# [What the task asks]
Only one stretch of the listing below is wanted. Give it again exactly, from the line with "2 Sgr. blau, Plattenfehler" through the line with "pH、 溫度和處理時間4個因素,并取4個水平進行熱堿處理正交試驗,選擇L9(45)正交表,正交試驗設(shè)計表如表 1所示.".

====================

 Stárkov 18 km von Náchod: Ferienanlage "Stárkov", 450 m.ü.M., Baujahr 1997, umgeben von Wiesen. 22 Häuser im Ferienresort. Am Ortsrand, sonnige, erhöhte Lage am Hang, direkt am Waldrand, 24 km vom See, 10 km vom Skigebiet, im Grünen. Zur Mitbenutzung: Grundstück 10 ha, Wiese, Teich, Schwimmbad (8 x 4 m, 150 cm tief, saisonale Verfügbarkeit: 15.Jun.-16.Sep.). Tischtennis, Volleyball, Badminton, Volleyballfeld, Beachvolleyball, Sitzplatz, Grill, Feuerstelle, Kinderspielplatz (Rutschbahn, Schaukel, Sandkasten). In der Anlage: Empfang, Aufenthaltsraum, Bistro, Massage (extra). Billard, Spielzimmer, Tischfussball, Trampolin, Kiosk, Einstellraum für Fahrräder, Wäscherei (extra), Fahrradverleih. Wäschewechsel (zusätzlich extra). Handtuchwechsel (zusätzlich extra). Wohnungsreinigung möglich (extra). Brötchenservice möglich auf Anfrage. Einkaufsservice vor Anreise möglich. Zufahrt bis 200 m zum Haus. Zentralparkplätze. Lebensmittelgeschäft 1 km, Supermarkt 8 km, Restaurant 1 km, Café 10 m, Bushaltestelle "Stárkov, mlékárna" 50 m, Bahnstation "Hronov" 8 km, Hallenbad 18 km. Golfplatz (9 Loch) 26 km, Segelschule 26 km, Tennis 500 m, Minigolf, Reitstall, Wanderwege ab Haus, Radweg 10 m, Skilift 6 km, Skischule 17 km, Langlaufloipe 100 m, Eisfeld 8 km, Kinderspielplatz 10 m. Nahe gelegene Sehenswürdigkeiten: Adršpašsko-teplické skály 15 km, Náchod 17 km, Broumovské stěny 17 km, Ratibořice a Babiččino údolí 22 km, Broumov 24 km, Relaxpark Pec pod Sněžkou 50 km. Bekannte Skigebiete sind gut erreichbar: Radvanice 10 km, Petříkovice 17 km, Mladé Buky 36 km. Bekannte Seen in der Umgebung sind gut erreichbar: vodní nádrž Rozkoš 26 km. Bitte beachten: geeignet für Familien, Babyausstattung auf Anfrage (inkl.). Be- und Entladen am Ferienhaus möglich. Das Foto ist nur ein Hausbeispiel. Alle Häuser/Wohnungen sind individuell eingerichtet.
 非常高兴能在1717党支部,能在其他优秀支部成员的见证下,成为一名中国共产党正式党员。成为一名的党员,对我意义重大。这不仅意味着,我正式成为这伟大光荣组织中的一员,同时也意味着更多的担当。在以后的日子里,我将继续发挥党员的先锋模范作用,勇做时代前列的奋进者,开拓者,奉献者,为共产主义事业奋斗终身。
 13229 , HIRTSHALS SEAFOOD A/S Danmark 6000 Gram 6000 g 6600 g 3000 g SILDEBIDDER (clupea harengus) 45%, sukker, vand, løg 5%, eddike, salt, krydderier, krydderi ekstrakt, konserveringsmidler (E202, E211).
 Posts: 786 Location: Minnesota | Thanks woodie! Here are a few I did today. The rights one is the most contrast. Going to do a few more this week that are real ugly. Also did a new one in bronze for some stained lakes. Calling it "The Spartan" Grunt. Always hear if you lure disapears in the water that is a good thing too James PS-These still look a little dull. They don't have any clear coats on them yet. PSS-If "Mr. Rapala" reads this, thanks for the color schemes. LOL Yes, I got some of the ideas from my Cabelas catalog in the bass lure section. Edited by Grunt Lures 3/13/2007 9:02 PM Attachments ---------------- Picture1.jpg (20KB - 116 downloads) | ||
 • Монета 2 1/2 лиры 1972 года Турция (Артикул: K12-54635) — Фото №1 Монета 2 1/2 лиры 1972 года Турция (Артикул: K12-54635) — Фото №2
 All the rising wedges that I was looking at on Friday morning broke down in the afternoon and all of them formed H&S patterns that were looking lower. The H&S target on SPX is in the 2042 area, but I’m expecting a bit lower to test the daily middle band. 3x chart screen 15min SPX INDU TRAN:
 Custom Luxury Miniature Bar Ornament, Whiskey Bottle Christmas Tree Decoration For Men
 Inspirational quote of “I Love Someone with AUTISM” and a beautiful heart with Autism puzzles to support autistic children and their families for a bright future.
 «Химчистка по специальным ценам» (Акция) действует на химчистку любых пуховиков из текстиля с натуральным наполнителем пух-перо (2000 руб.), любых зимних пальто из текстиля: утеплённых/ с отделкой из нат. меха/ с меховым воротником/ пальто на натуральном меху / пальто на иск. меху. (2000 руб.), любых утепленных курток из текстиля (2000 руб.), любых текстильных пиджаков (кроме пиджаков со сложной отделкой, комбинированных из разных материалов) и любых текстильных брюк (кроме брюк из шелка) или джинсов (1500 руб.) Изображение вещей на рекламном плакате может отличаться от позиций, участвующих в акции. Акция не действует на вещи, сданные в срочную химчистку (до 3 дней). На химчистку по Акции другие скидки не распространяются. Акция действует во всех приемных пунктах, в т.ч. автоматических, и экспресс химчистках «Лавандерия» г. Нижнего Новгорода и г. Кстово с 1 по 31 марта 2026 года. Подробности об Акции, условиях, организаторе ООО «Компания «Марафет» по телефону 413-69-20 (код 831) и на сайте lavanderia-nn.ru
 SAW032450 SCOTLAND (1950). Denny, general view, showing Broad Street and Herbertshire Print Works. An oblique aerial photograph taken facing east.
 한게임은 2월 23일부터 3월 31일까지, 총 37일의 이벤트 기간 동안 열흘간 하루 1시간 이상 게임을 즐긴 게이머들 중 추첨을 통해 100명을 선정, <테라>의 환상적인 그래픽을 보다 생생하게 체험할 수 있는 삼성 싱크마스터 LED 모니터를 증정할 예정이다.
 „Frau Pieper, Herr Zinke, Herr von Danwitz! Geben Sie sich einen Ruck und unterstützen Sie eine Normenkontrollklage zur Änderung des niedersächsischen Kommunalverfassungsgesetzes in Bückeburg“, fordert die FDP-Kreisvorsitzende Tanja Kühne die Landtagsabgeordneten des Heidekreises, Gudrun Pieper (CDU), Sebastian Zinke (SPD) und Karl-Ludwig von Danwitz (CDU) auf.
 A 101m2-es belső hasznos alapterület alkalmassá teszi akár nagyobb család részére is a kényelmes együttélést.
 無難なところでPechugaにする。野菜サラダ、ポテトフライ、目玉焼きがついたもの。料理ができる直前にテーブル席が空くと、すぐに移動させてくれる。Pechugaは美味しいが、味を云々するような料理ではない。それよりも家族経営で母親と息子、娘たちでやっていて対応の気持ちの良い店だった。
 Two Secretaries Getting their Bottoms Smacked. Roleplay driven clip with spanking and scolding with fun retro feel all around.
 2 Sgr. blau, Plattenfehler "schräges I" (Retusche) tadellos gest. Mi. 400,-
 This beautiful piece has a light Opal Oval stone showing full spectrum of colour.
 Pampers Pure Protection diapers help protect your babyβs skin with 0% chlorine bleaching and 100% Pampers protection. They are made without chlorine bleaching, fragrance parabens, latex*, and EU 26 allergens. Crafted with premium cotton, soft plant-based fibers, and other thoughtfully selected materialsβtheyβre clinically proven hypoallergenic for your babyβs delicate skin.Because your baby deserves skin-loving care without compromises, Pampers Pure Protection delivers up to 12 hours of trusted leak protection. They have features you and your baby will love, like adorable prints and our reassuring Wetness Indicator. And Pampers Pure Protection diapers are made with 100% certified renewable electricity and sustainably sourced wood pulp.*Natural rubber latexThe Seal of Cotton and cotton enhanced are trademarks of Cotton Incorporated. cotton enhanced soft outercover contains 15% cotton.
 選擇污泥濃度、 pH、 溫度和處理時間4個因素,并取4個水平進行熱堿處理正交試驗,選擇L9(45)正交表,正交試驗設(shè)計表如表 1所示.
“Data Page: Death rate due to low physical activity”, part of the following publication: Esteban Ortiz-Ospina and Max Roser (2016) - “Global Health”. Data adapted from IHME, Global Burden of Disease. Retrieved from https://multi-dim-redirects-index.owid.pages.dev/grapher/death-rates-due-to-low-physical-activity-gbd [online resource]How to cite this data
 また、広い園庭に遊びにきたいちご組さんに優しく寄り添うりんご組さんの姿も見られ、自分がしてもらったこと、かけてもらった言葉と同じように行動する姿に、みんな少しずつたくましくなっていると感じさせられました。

====================

# [Result for this task]
 2 Sgr. blau, Plattenfehler "schräges I" (Retusche) tadellos gest. Mi. 400,-
 This beautiful piece has a light Opal Oval stone showing full spectrum of colour.
 Pampers Pure Protection diapers help protect your babyβs skin with 0% chlorine bleaching and 100% Pampers protection. They are made without chlorine bleaching, fragrance parabens, latex*, and EU 26 allergens. Crafted with premium cotton, soft plant-based fibers, and other thoughtfully selected materialsβtheyβre clinically proven hypoallergenic for your babyβs delicate skin.Because your baby deserves skin-loving care without compromises, Pampers Pure Protection delivers up to 12 hours of trusted leak protection. They have features you and your baby will love, like adorable prints and our reassuring Wetness Indicator. And Pampers Pure Protection diapers are made with 100% certified renewable electricity and sustainably sourced wood pulp.*Natural rubber latexThe Seal of Cotton and cotton enhanced are trademarks of Cotton Incorporated. cotton enhanced soft outercover contains 15% cotton.
 選擇污泥濃度、 pH、 溫度和處理時間4個因素,并取4個水平進行熱堿處理正交試驗,選擇L9(45)正交表,正交試驗設(shè)計表如表 1所示.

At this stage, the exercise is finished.